--- STORED DATA Enclosed Below ---

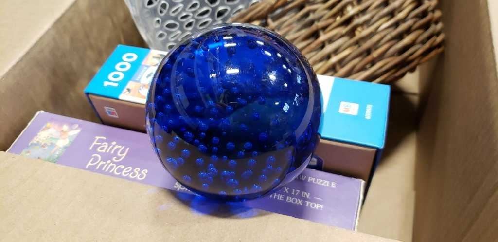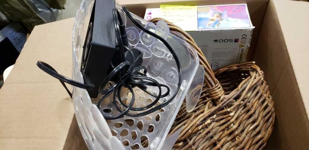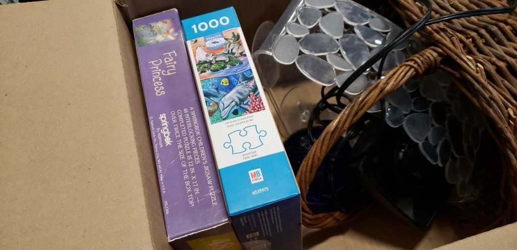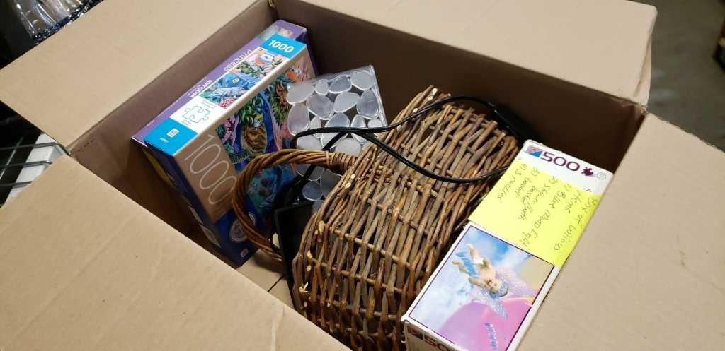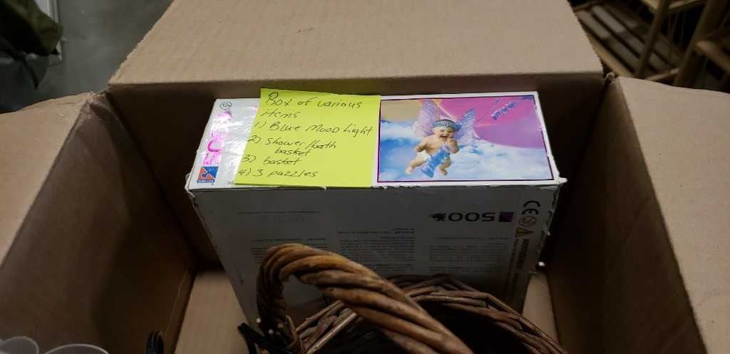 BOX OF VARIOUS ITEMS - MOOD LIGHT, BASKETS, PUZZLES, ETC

--- End of Enclosed STORED DATA ---
--- STORED DATA Enclosed Below ---

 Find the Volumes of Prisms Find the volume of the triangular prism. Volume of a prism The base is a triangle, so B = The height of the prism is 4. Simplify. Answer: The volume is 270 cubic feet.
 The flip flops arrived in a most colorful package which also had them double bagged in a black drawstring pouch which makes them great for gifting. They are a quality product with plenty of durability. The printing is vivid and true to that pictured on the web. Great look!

--- End of Enclosed STORED DATA ---

## WHAT IS BEING ASKED
Using the records above, write out exactly the lines between the one holding "Find the Volumes" and the one holding "The flip flops", inclusive; leave everything else out.

## SOLUTION TO THIS EXERCISE
 Find the Volumes of Prisms Find the volume of the triangular prism. Volume of a prism The base is a triangle, so B = The height of the prism is 4. Simplify. Answer: The volume is 270 cubic feet.
 The flip flops arrived in a most colorful package which also had them double bagged in a black drawstring pouch which makes them great for gifting. They are a quality product with plenty of durability. The printing is vivid and true to that pictured on the web. Great look!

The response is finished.